写真=Franklin Templeton公式サイトより

Franklin Templetonのジェニー・ジョンソンCEOは24日、人工知能(AI)の進化によって、エンタープライズソフト企業の長期的な事業モデルが揺らぐ可能性があるとの見方を示した。Anthropicの生成AI「Claude」のコーディング能力を引き合いに、業界の将来に懸念を示した。

ジョンソンCEOはFinancial Times(FT)のインタビューで、「ClaudeのようなAIのコーディング能力を見ていると、エンタープライズソフト企業が今後も存続できるのか疑問だ」と述べた。

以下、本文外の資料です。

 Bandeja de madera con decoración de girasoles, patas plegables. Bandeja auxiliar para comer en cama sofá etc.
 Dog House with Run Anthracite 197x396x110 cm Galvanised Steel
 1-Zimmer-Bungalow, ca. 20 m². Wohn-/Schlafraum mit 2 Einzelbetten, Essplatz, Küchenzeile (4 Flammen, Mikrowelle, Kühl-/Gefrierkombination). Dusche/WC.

ジョンソンCEOは今年2月、Anthropicの最新モデル「Claude Opus 4.6」を使ってコーディングを試したという。その上で、「エンタープライズソフト企業は依然として巨額の収益を上げており、関連銘柄は短期的に売られ過ぎだった可能性もある」としつつ、「長期的な事業モデルに対する脅威は現実だ」と強調した。

こうした発言の背景には、プライベートエクイティ(PE)業界でソフトウェア投資の損失拡大が意識されていることがある。

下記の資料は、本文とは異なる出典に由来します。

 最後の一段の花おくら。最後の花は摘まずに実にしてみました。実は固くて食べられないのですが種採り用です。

FTによると、ソフトウェア企業に大型投資してきたバイアウトファンドやプライベートデット事業者の株価は不安定な動きとなっている。今年に入って企業売却による収益計上を見込んでいたバイアウト各社は、売却時期の先送りを検討しているという。

ジョンソンCEOは、PE業界でコンティニュエーション・ビークルの活用が広がっている点にも言及した。これは、運用会社が保有企業を自ら管理する別ファンドに売却する手法で、オルタナティブ資産運用会社が投資家への資金返還に苦慮している兆候だとの見方を示した。

その上で、「政府系ファンドや年金基金といった大手機関投資家が、プライベート市場への配分を大幅に引き上げる局面にはない」と語った。